« Si vous voulez embarquer une dose de solidarité dans l'assurance, il faut s'interroger sur son caractère obligatoire » (François Schmitt, président de Groupama)

Séisme, émeutes et aussi sécheresse persistante dans les territoires... Le nouveau président de Groupama, François Schmitt, est sur tous les fronts depuis sa nomination il y a un mois à la tête de l'assureur mutualiste. Pour La Tribune, il revient avec son directeur général, Thierry Martel, sur ces évènements qui dessinent aussi le futur de l'assurance.
Thierry Martel et François Schmitt, directeur général et président de Groupama, se félicitent de la coconstruction avec l’État de l'assurance des récoltes.
Thierry Martel et François Schmitt, directeur général et président de Groupama, se félicitent de la coconstruction avec l’État de l'assurance des récoltes. (Crédits : La Tribune)

LA TRIBUNE- Après les séismes, les émeutes, avez-vous mis en place des dispositifs d'urgence ?

FRANÇOIS SCHMITT- . Comme à chaque sinistre de grande ampleur, les assureurs sont à pied d'œuvre. Et Groupama n'a pas fait exception. Plus de 800 dossiers ont été ouverts après le séisme du 16 juin dans l'ouest de la France. Une agence mobile a immédiatement été déployée sur place pour faciliter les déclarations, sans attendre l'arrêté de catastrophe naturelle. Des acomptes ont été versés et les frais de relogements ont été pris en charge pour 6 mois. Ce sinistre très impressionnant devrait représenter un coût de 35 millions d'euros pour Groupama.

Concernant les émeutes récentes, là aussi, les assureurs n'ont pas besoin qu'on leur demande d'accélérer les procédures et de faire des gestes : notre métier est de gérer des sinistres. Pour aider les clients particuliers touchés, les franchises d'assurance auto et habitation ont été supprimées. Pour les professionnels, elles ont été simplifiées ou réduites. Les acomptes ont été facilités, les délais de déclaration ont été repoussés. On dénombre à ce jour plus de 400 déclarations de sinistres, pour un coût de près de 40 millions d'euros, dont les trois-quarts concernent des collectivités. Je rappelle que Groupama est le premier assureur des collectivités.

Lire aussiÉmeutes : dégradations, pillages... « On sera au-dessus d'un milliard d'euros » de dégâts (Florence Lustman, France Assureurs)

Groupama a été au cœur de la création d'un produit d'assurance pour les récoltes avec un soutien public. Existe-t-il, selon vous, un état d'urgence en ce qui concerne l'assurance dans le secteur agricole ?

F.S. Depuis plusieurs années, nous alertons les pouvoirs publics sur la dégradation du résultat technique des assurances agricoles. C'est un sujet que les assureurs ne pourront plus porter seuls alors que le climat se caractérise désormais par des extrêmes avec des impacts très importants sur la production agricole. Les pouvoirs publics ont pris conscience de cette contrainte climatique et acceptent le principe de la mise en place d'un système de protection subventionné dont le coût n'aurait pas été supportable pour l'exploitant agricole. Nous avons pu ainsi co-construire avec les pouvoirs publics cette assurance des récoltes, à trois étages, qui permet d'absorber de forts chocs de volatilité de pertes de production.
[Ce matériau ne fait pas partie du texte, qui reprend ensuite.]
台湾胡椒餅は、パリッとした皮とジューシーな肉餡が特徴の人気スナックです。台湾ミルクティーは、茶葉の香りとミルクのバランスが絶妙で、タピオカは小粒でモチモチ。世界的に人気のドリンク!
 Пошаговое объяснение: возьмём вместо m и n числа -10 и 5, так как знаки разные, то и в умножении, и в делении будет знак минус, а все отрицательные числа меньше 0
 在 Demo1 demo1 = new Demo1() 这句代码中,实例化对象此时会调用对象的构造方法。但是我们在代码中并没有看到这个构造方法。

Ce mécanisme n'est d'ailleurs pas sans rappeler celui du régime des « catastrophes naturelles », également garanti par l'État avec une forte dose de solidarité nationale. Cela participe d'une volonté politique d'accompagner, sinon l'autonomie alimentaire, du moins une vraie capacité de production sur nos territoires.

THIERRY MARTEL. Au fond, il y a trois sujets qui sont abordés à travers l'assurance des récoltes. Le premier concerne la baisse structurelle de la production en raison du dérèglement climatique mais cela ne relève pas de l'assurance. Ensuite, il y a la volatilité des rendements par rapport à la moyenne qui peut être en revanche couverte par l'assurance. Mais cette volatilité est également devenue trop forte pour que les assureurs puissent la couvrir à eux seuls. D'où cette réforme. Enfin, le troisième sujet concerne l'évaluation fiable de la perte de production. C'est assez facile pour la vigne, c'est plus compliqué pour l'arboriculture.
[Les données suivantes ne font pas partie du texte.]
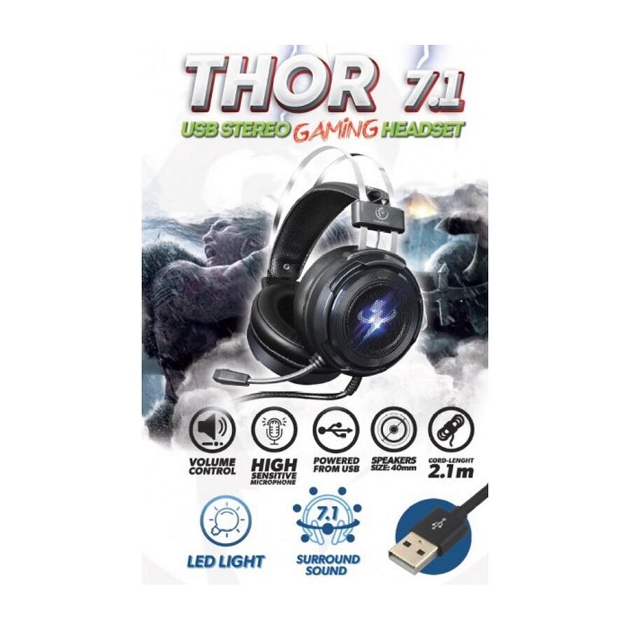 Austiņas ar telpiskās skaņas atskaņotājiem: - tērauda galvas saite-zils fona apgaismojums-USB savienotājs-iebūvēta augstas kvalitātes iekšējā skaņas karte-joslas platums: 20Hz-20kHz-Pretestība: 32 ? (pie 1kHz) - jutība: 108 dB / mW-jauda: 45 mW-skaļuma poga-Kabeļa garums: 2.1 m-premium Pīts kabelis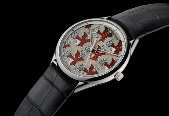 该表的设计灵感则源自Maurits Cornelis Escher的一幅绘画作品 – 他是一位在结构、透视和空间方面相当有名的荷兰陶瓷和绘画艺术家(1898-1972)。这枚腕表表盘上描绘的红色和白色的飞翔的和平鸽,是Vacheron Constantin江诗丹顿特地以Only Watch慈善拍卖的代表色红与白结合Métiers d’Art的特点打造而成。Manufacture.

Ces partenariats « public-privé » doivent-ils s'élargir à d'autres domaines de l'assurance ? Autrement dit, sommes-nous en train de rencontrer les limites de l'assurance ?
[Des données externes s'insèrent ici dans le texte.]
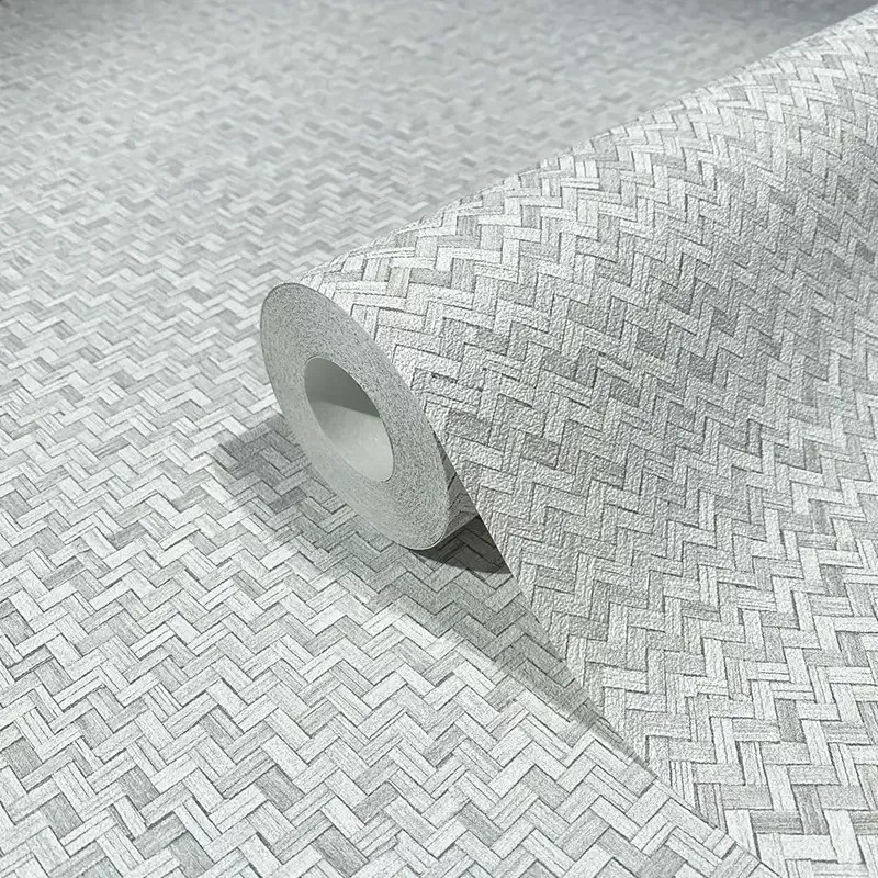 Papel pintado japandi mimbre trenzado gris de Marburg, colección Flora, calidad tejido no tejido lavable. Medidas: 53 cm x 10 metros

T.M. Il y a déjà beaucoup de choses qui existent mais qui ne fonctionnent pas forcément de façon optimale. Sur les risques de nature climatique, il y a le régime des catastrophes naturelles qui, aujourd'hui, ne collecte pas suffisamment de primes pour faire face à la hausse continue de la fréquence et de l'intensité des sinistres. Pour rappel, le risque climatique représentait environ 2 milliards d'euros par an, tous marchés confondus, entre 2010 et 2015. Ce montant a grimpé à 4 milliards sur 2016-2021, puis à 10 milliards en 2022, année de tous les records il est vrai. La grêle, à elle seule, a pesé 5 milliards et la sécheresse environ 3 milliards.

Le deuxième domaine où le partenariat public privé est installé c'est la santé, avec un régime de base et des assurances complémentaires. L'État vient de décider de transférer 500 millions d'euros de dépenses sur les complémentaires. En trois ans, depuis la mise en place du « 100% santé », c'est 3,5 milliards de dépenses qui auront été transférés du public au privé. Cette tendance ne va pas s'arrêter mais s'accélérer. Mais à la différence du dispositif sur les récoltes, nous sommes sur le sujet santé dans un dialogue de sourds avec les pouvoirs publics. Il y a en France un dogme idéologique qui considère la santé comme une prérogative unique de l'État.

Pensez-vous que l'idée de la « grande sécu », le régime unique de sécurité sociale, puisse revenir sur la table ?

T.M. Le système français est bâti comme ça et continuera à fonctionner ainsi. L'hypothèse de la grande Sécu a été mise sur la table par le ministre de la Santé et a été refermée par le président de la République. Ce n'était pas un projet réaliste. Essayons déjà de travailler ensemble et pas l'un contre l'autre.

La dérive des coûts de la santé est-elle préoccupante ?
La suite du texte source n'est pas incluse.